Time Schedule:
Phillip S Thurtle
CHID 250
Seattle Campus
Examines a different subject or problem from a comparative framework. Satisfies the Group A major/minor requirement. Offered: AWSp.
Class description
This class is designed to appeal to all. No prerequisites needed!
This class explores key legal, ethical, cultural, scientific, and commercial aspects of the rapidly changing world of biotechnology and bioinformatics. It specifically asks how new discoveries in biology encourage us to rethink issues of ownership, communication, geography, identity, and artistic practice. The class will be structured around six specific case studies that students will use to understand underlying issues. Come find out about the often exhilarating and frequently frightening scenarios for the future of your body.
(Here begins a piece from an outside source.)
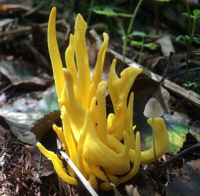 小型の担子菌「花弁茸」和名通り、花びらに似た形で白い柄以外は鮮黄色をしており、幸福な色が最大の特徴。
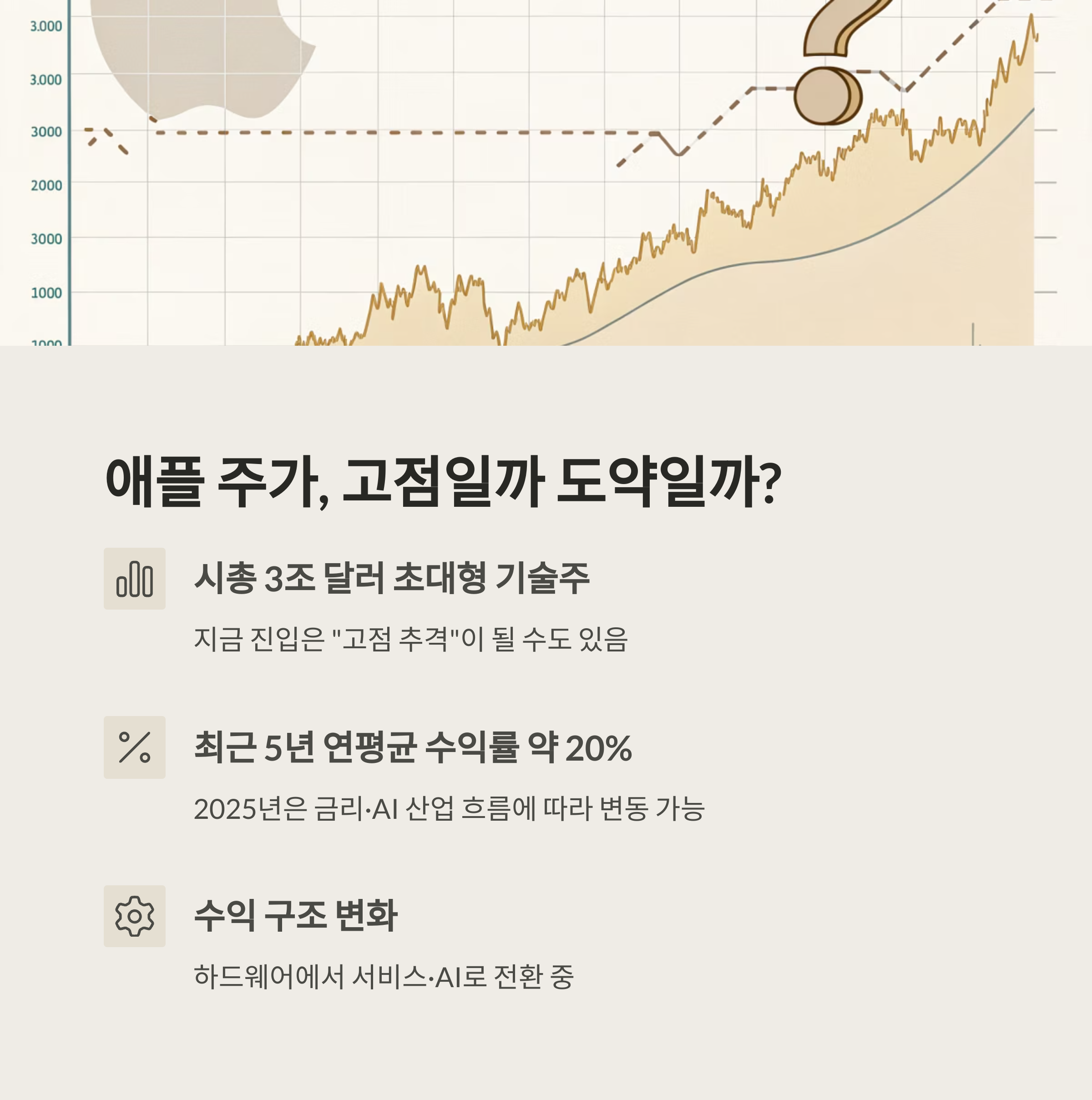 최근 5년간 애플의 연평균 수익률은 약 20%지만, 2025년 전망은 시장 전반의 금리·AI 산업 흐름과 밀접하게 연결돼 있어 절대 낙관할 수 없습니다.

Students will be specifically encouraged to ask the following questions:
What are the ethical and legal issues involved in patenting human cell lines?
How are recent biotechnologies portrayed in science fiction films? What can we learn by studying these portrays?
What does it mean to suggest that biotechnology is part of "an information society"?
How are race, class, gender, and disability mapped onto or intersect with biomedicine?
How are artists using live organisms in their art work? What can we learn about art, ethics, and scientific practice by studying this work?
How do scientists manipulate space and time in the laboratory?
Student learning goals
Students will acquaint themselves with important emergent issues surrounding biomedicine and the dominant ways that these issues have been studied, including biopolitical, political economic, science and technology studies, disabilities studies, philosophic, cultural, literary, and media studies analyses.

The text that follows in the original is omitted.